Bacterial Resistance to Vancomycin

Mechanisms of Antibiotic Resistance

0 Comments
Join the Conversation
Enterococci - Janice Haney Carr (ID# 209)
Enterococci - Janice Haney Carr (ID# 209)
Every time a new antibiotic is introduced, bacteria find a way of becoming resistant to it. This article describes bacterial resistance to vancomycin.

Vancomycin was introduced in 1958 as an antibiotic that was effective against penicillin- and methicillin-resistant strains of Gram-positive bacteria. However, it wasn't widely used until methicillin-resistant strains became more prevalent in the 1980s.

Development of Resistance

Development of resistance is associated with overuse of antibiotics. Antibiotic resistant strains are routinely identified shortly after the introduction of any new antibiotic, so it is no surprise to note that vancomycin tolerant strains began to be reported shortly after this drug began to be used more frequently. The first case of a vancomycin-resistant bacterial strain - Enterococcus faecium - was reported in 1988, and since then, the prevalence of vancomycin-resistant enterococci has increased dramatically, according to Dr Patrice Courvalin (Courvalin, Clin Infect Dis, 2006).

The first report of Staphylococcus aureus, the same species of bacteria as MRSA, with reduced susceptibility to vancomycin was identified in 1996 and reported by Hiramatsu et al in the Journal of Antimicrobial Chemotherapy (Hiramatsu et al, 1997). However, a fully resistant strain was not isolated until 2002, (Chang et al, New Eng J Med, 2003). Fully resistant S. aureus strains are still rare, but the incidence of strains with some degree of tolerance to vancomycin is rising rapidly and becoming a considerable problem.

Mechanism of Action of Vancomycin

Vancomycin is bacteriostatic, which means it doesn't actually kill the bacteria. Instead, it stops them from growing and dividing, relying on the immune system to finish the job. It works by physically blocking the formation of new cell walls during the bacterial growth and division phases.

Vancomycin binds to a specific part of certain cell wall proteins in Gram-positive bacteria called peptidoglycans. Gram-negative bacteria do not have these proteins, and so are not affected by vancomycin. The drug enters the cell and binds to these peptidoglycans before they have become part of the cell wall, and this prevents them from being incorporated (Courvalin, 2006). Thus, vancomycin halts the formation of new cell walls when bacteria divide and grow. This effectively prevents bacteria from dividing, therefore stops the infecting bacterial colony from becoming any larger.
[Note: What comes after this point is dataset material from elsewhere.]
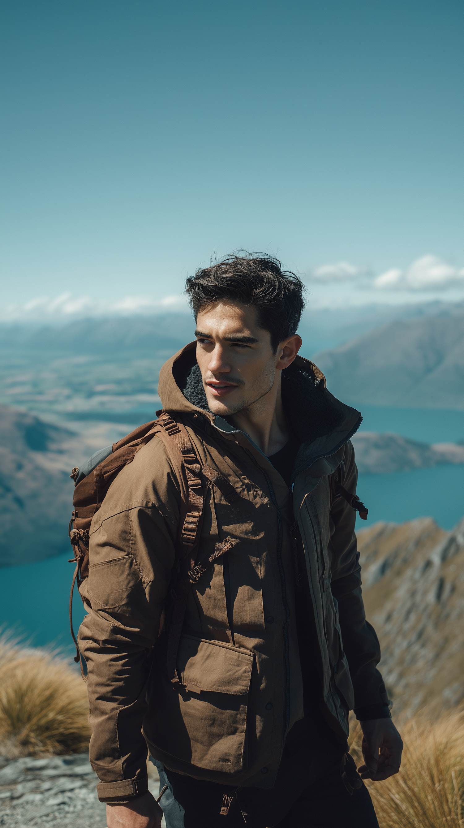 Man in a brown jacket and backpack on a mountain trail, with a scenic lake and hills in the background under a clear blue sky.

Mechanisms of Bacterial Resistance to Vancomycin

Bacterial resistance to vancomycin focuses on combating the role of the drug in inhibiting cell wall formation. Six acquired resistance genes have been identified in enterococci, although only two, VanA and VanB, are widely prevalent (Werner et al, Eurosurveillance, 2008), and only VanA has been detected in S. aureus (Courvalin, 2006). These genes are thought to play various roles in overcoming the effect of vancomycin on cell wall formation.

Resistance through the VanA gene is mediated by changes made to the peptidoglycan binding site, significantly reducing the strength of vancomycin binding. The VanA gene induces the expression of an enzyme that causes an amino acid – lactate – to be added to the end of the peptidoglycan protein chain. This extra amino acid blocks accessibility to the binding site and reduces the action of the antibiotic (Courvalin, 2006).

The VanB, VanC, VanD, VanE and VanG genes function in a similar way to Van A, but with differences in how they are regulated, in what changes to the binding site are made, and whether or not they confer resistance to teicoplanin, another antibiotic that is related to vancomycin (Courvalin, 2006).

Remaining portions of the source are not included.